Il Piano Casa non vale per la Penisola Sorrentina, ma grazie ad alcuni consiglieri del PD è stato approvato un emendamento per consentire alle strutture di allevamento animale insistenti nel territorio dei Comuni dei Monti Lattari, facenti parte dell’area di produzione del ‘Provolone del Monaco DOP’, realizzate antecedentemente alla legge regionale 35/87, in deroga agli strumenti urbanistici, di essere adeguate ai criteri previsti dalle direttive Cee 91/629 e 98/58/Ce e alle vigenti norme igienico sanitarie. In tal modo si consente, in un’area dove il Piano-casa non si potrebbe applicare, a causa dei vincoli urbanistici, alle imprese produttrici del famoso formaggio, di adeguare le proprie strutture ed incrementare i propri standard di qualità.

GIUSEPPE GUIDA

Anonimo ha detto...

Una buona cosa. Peccato che ci sono dei noti geometri che vanno in giro ad accatastare baracche abusive contando sul fatto che le amicizie che hanno al comune di Vico Equense non fanno controlli.
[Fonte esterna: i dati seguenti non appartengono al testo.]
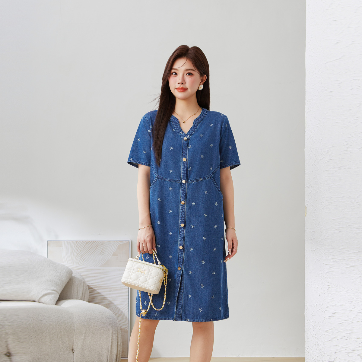 Caiduobao プラスサイズの女性のファット mm2025 夏の新しいカジュアルジャカードデニムドレス EXQ5196

Così potranno procedere ad ampliare anche le baracche abusive.
Vergogna ai geometri, vergogna a chi non controlla e vergogna a chi non li sbatte in galera.

Anonimo ha detto...

Ma chi sono questi geometri? Si facciano i nomi!
Intervenga l'autorità giudiziaria!
Dove siamo finiti...

Anonimo ha detto...

alcuni consiglieri del pd...
Pasquale Cardone presentò gli emendamenti e fece la discussione in aula, alla quale seguì l'approvazione
Giuseppe Guida omette un dato fondamentale, omissione che impoverisce il suo commento e dà una connotazione faziosa e ipocrita a tutti i suoi giudizi sul partito.

Anonimo ha detto...

Forse non ci siamo capiti, parlavo di semplicie emendamenti presentati da consiglieri regionali del Pd (in associazione, tra l'altro, con qualcuno del Pdl).
Il resto non c'entra niente.
L'ipocrisia e la faziosità sta da quale altra parte.